Attracted as she is to him, Magda's suspicious. You know, considering he's an Elf and he helped Lavana torture her.
Endreas leaves her, but promises not to go far.
On her way through the magical, danger-fraught forests of Alfheim, she's attacked by a nymph.
The nymph is Honeysuckle. She's in love with Kaelan and is afraid Magda will come between them. Especially since every so often, a Rae will go into her Shine. When that happens, there's nothing that can keep a Prince away from a Rae.
Magda reassures Honeysuckle that she's not interested in Kaelan, or any Prince for that matter. Honey reveals that Kaelan has only recently discovered that he's a Pixie Prince. For the first eighteen years of his life, he was under a spell that made him appear to be an imp. Even he didn't know the truth.
In the meantime, Magda discovers that the brownie has taken the Enneahedron to the rebels, those who wish to overthrow the Elf King. She, Damion, and Hero go with Honeysuckle and Kaelan to speak to an ancient forest spirit who may be able to help Magda recover the Enneheadron and Kaelan discover more about his mysterious past. But when they get there, the tree spirit turns out to be an empusa, a soul-sucking creature.

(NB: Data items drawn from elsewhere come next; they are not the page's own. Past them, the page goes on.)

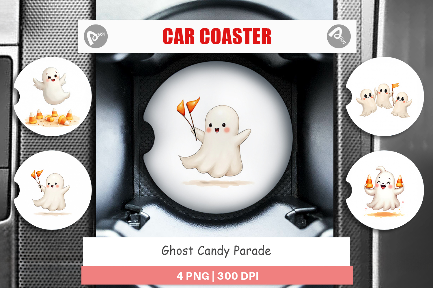 Sublimation Designs Trick Or Treat Png Car Coaster Png Car Coaster Sublimation Round Sublimation Template Ghost Car Coaster Cup Holder Coaster Png Halloween Car Decor Spooky Season Gift Candy Parade Car Decor
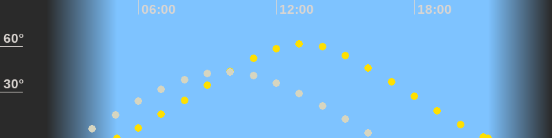 | Höchster Sonnenstand (Kulmination) | 13:08 Uhr (h = 61.5°) |
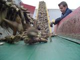 Lossen op het erf. Nadat de witlofwortels over een speciale stortbak zijn gegaan komen ze hierna over een extra reinigingsunit van Breston voor ze in de vrachtwagen beladen.
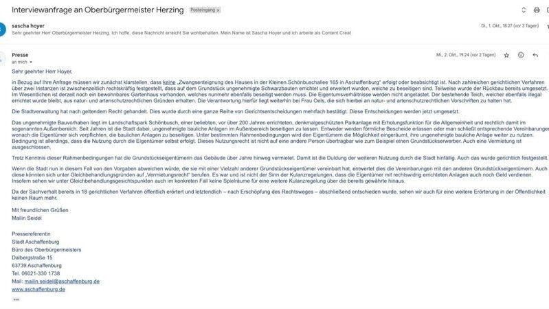 in Bezug auf Ihre Anfrage müssen wir zunächst klarstellen, dass keine „Zwangsenteignung des Hauses in der Kleinen Schönbuschallee 165 in Aschaffenburg“ erfolgt oder beabsichtigt ist."
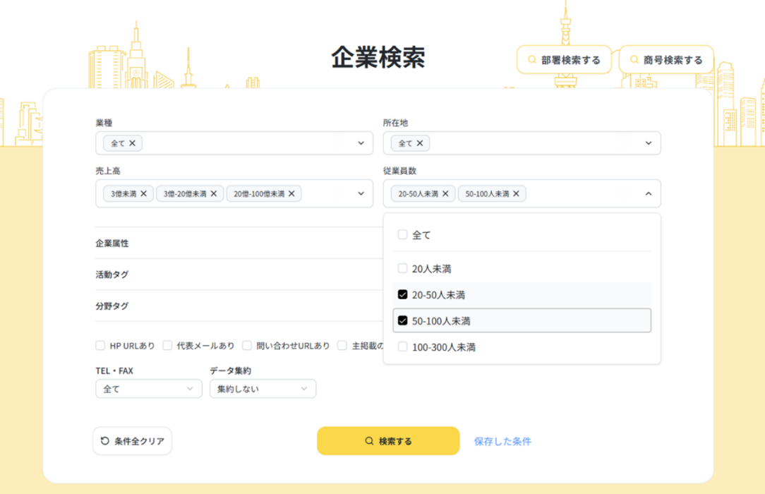 シンプルで直感的な操作性を備えており、簡単なクリック操作で検索条件の選択ができ、検索後のリスト出力もスムーズに行えます。営業リスト化やマーケティングへの活用まで業務の効率化を支援いたします。
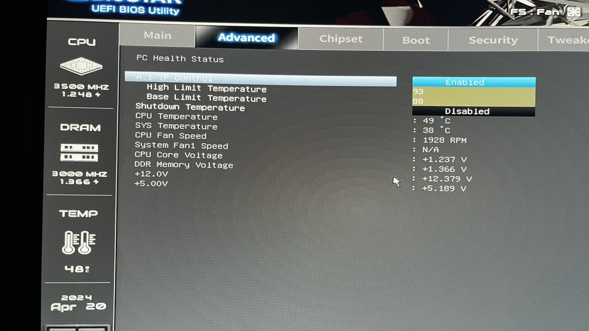 12V kanalına bak 14 volta çıkmış, başka bir PSU dene sistemini bozmadan.
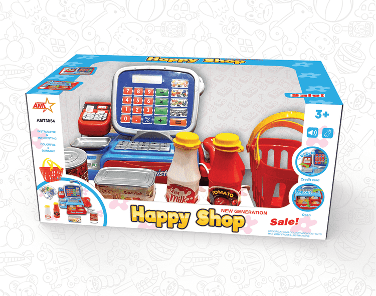 محصول پیش روی شما صندوق فروشگاهی amt بوده که در بسته بندی جعبه ای وارد بازار شده است. تعداد قطعات این محصول به +10 رسیده که همه آنها پلاستیکی بوده و با کیفیت تولید شده اند.ابزار و وسایل موجود در کنار این صندوق شامل : رب گوجه ، شیر، تن ماهی، سس گوجه فرنگی، سبد خرید، پول های کاغذی و سکه ای و دستگاه بارکد خوان میباشد.

The empusa admits that she did aid Kaelan as a baby when he was brought to her by a wind spirit. She diguised him as an imp and hid him in her forest, but now that he's a Prince again, she wants payment for helping him out. She attacks them, starting with Honeysuckle. To make matters worse, at that very moment, Lavana catches up with Magda.
Can Magda battle a soul-slurping empusa who can slow time and her heartless, bloodthirsty cousin, and save her friends? Maybe with the help of a frog and a Prince, (not to be confused with a frog prince, which is a whole other story...)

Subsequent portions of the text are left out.